ZEZA AMARAL

A vergonha das chuteiras

Zeza Amaral
20/05/2013 às 20:25.
Atualizado em 25/04/2022 às 15:17

Já tive muitos medos na vida e quase todos se referem quando o adversário se posiciona para bater um escanteio. Escrevo isso — e a ideia se perde — quando Rildo cruza rasteiro para o William marcar o segundo gol contra o Penapolense. Uma hora e meia atrás perdi um texto completo por conta dessa tecnologia moderna — e William acaba de marcar o terceiro gol, de pênalti — e liguei para o Suporte pedindo ajuda.

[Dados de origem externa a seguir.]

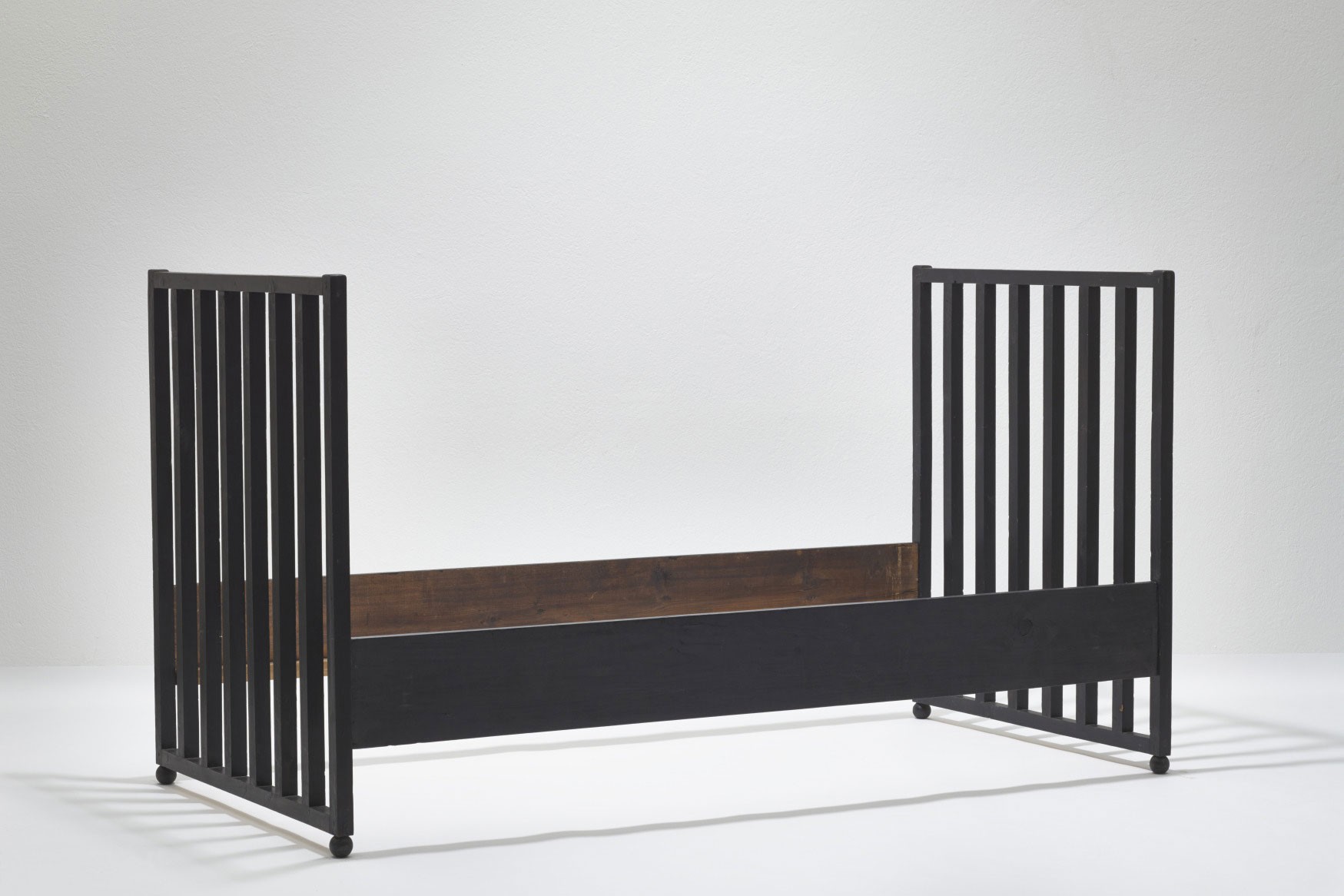 Josef Hoffmann, bed from the bedroom furnishings for the cottage of the Knips family in Seeboden at Lake Millstatt, Vienna, 1903, softwood, stained black, H 2700 © MAK

O tempo não existe no mundo virtual e é tudo o que um time tem para vencer uma partida de noventa minutos.

No texto perdido, assim como se perde um pênalti, eu estava lembrando da Portuguesa Santista e do Jabaquara, os únicos times (e também o Santos) que não fazem parte do Interior paulista.

Estava querendo dizer que a Federação Paulista de Futebol, assim como a crônica dita esportiva, não sabe nada de geografia. E bem os portugueses santistas acharam por bem fundar o seu próprio clube e não é por nada que um dos maiores sobrenomes brasileiros é o da Costa (que se refere ao litoral); e o segundo, Silva (que se refere aos portugueses que se embrenharam mata atlântica adentro, silva, silvícola, e que tanto bem fizeram para a miscigenação tupiniquim).

Mas não há como explicar isso aos nossos cartolas do futebol, pois que misturam suas vidas pessoais com os cofres de suas entidades e, o que é pior, com o dinheiro público.

No texto perdido também falava do Clube Atlético Ypiranga, onde meu pai jogou uns tempos na zaga, isso nos anos quarenta, e que desapareceu do futebol paulista ao ser rebaixado, em 1959, para a segunda divisão. Em um dos raros momentos em que o meu pai falava de futebol, ouvi dele que o Ypiranga tomou tal decisão porque tinha vergonha nas chuteiras.

Já vi Pelé e Garrincha jogarem; já vi Pepe fazendo gol de falta do meio de campo; vi Pitico não deixar Pelé jogar; e meu pai lamentava que não tinha visto Arthur Friedenreich jogar pelo seu mesmo Ypiranga, artilheiro do Campeonato Paulista de 1914 e 1917, mas bem tinha orgulho de ter conhecido o goleiro Barbosa, revelado no Ypiranga e injustiçado na Seleção Brasileira de 1950. Depois disso, meu pai era lacônico a respeito do futebol e dele meio que herdei as caneleiras de couro que usara na juventude para me proteger no futuro.

Encerro a crônica sem saber se a Ponte Preta ganhou ou não a Taça do Interior. E tampouco quero saber quem ganhou o Paulistão. Bom mesmo foi visitar a memória e nela encontrar, mais uma vez, o bom homem que foi o meu pai, agora sem as dores da saudade. Afinal, boa lembrança não é saudade; e saudade é coisa que dói demais.